Örneğin Mengen akreditasyonu yerine Mengen’de yetişen aşçılar, düzenli olarak çocuklara ücretsiz okul yemeği ulaştırılmasında öncü olabilirler, bu konuda ülke çapında bir kamu politikası belirlenene dek sponsorlar eşliğinde çocukların karınlarını yoklukla değil toklukla doldurabilirler. Bir akreditasyon projesi, ancak bu şekilde açlıkla boğuşan bir toplumun en zayıf halkalarına faydalı olur.
Bu ülkede hükümetin de muhalefetin de dert etmesi gereken şey, bilmem kaç yıldızlı restoranlarda yemek yeme ayrıcalığını elde etmek değil, tüm çocukların her gün alması gereken kalori ve protein miktarını karşılayacak, çocukların okulda temiz ve ücretsiz suya erişimini bir lüks olmaktan çıkaracak bir sistemin devlet eliyle ve acilen verileceği gelişmiş bir düzen tesis etmektir. Çünkü çocukların beslenmesi ve sağlığı anayasal bir haktır ve Türkiye uluslararası sözleşmelerle bu hakkı teslim etmekle mükelleftir.

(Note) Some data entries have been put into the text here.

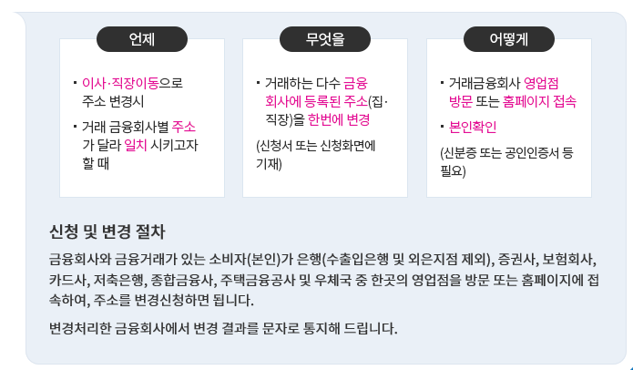 3. '금융주소 한번에' 서비스: 금융소비자가 주소를 변경하기 위해 금융회사를 일일이 방문하거나 연락해야 하는 번거로움을 줄이고자 금융회사들이 협조하여 한 금융회사에 신청하면 다른 금융회사로 소비자의 주소를 일괄적으로 변경 신청해주는 서비스입니다.
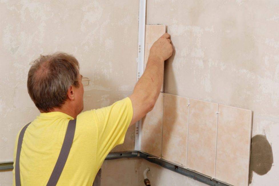 Укладка керамической плитки на стены.
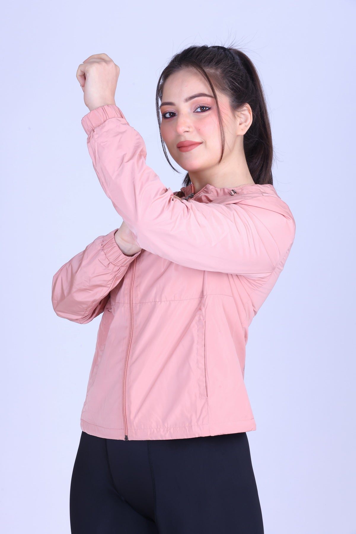This pink hooded jacket showcases windproof qualities ideal for active wear. Detailed features highlight its functional design for everyday use.
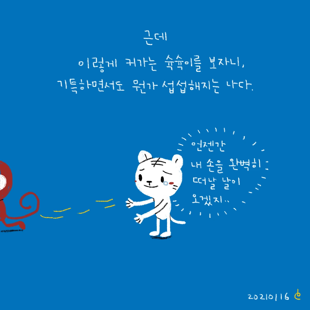 슉슉이의 손 많이 가는 시기가 지나가고 있다.그게 느껴진다.참 신기하다.점점 더 독립적으로 변할 슉슉이를 응원해줘야하는데...나중엔 내가 슉슉이껌딱지가 될 것 같다.ㅠㅠ-#블루챔버 #bluechamber #그림일기 #육아일기 #일상툰 #남매맘 #애둘맘 #51개월어린이 #21개월아기 #3살아기 #6살어린이 #6살이된슉슉이는

Yeni eğitim öğretim yılı başlarken, kamuda tasarruf dendiğinde akla ilk gelen şeyin “çocukların boğazı” olmaması gerekiyor. Tam tersine politika öncelikleriniz ve tercihleriniz arasına artık çocukların iyi olma halini sağlamayı almanız gerekiyor.

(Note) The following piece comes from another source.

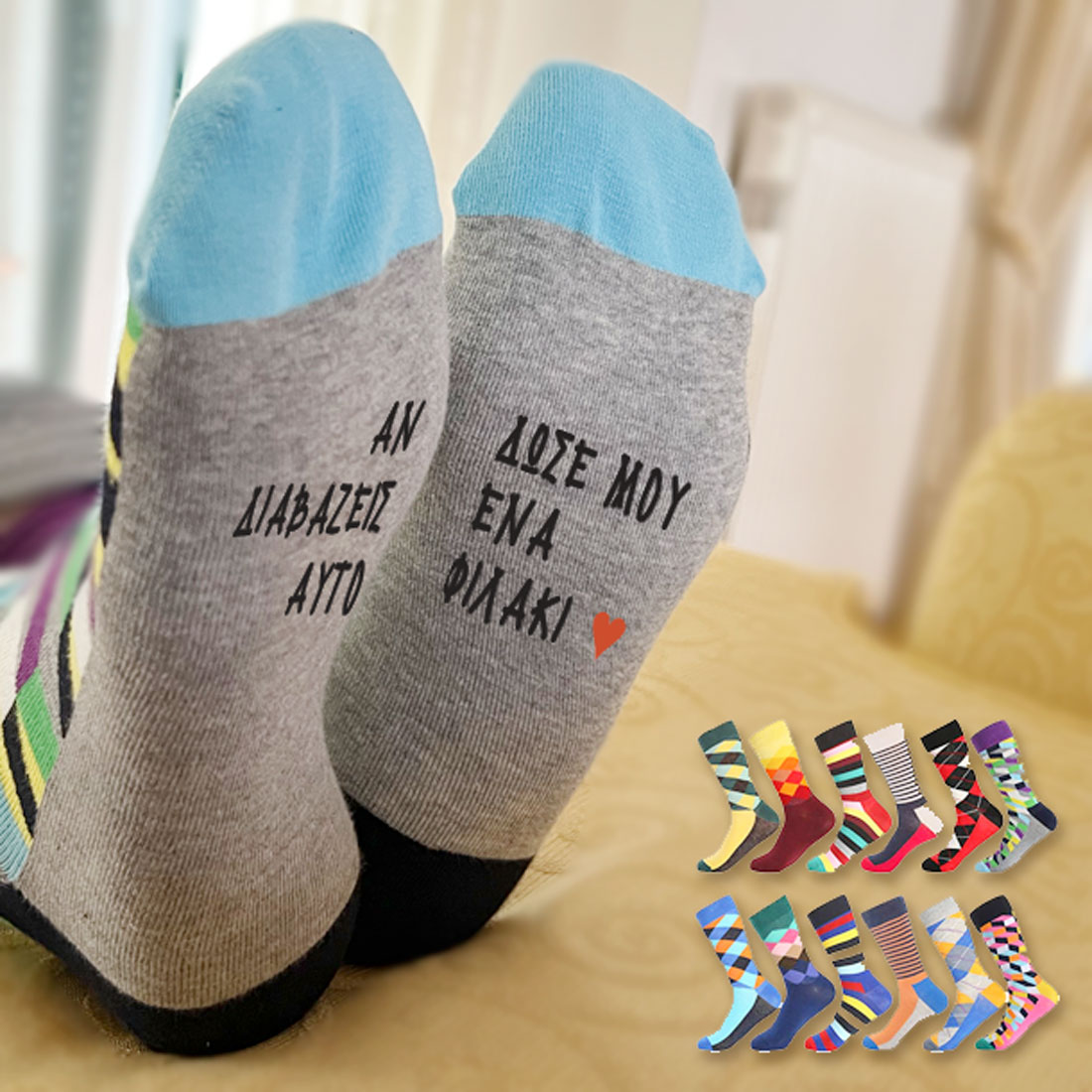 Ανακαλύψτε το προσωποποιημένο δώρο για Άνδρες & γυναίκες, Κάλτσες πολύχρωμες με Μήνυμα, Όνομα, πρωτότυπο και μοναδικό αναμνηστικό για τον φίλο ή την φίλη σας με αφορμή του Αγίου Βαλεντίνου.

Meclis açılır açılmaz, sabahtan akşama kadar oturup bu konuyu yasal bir çerçevede çözmeniz ve derhal uygulamaya geçirmeniz gerekiyor.
Bu ülkenin artık çocuklarını dışlaması değil sevmesi ve karınlarını doyurması gerekiyor. Konu aslında bu kadar basit.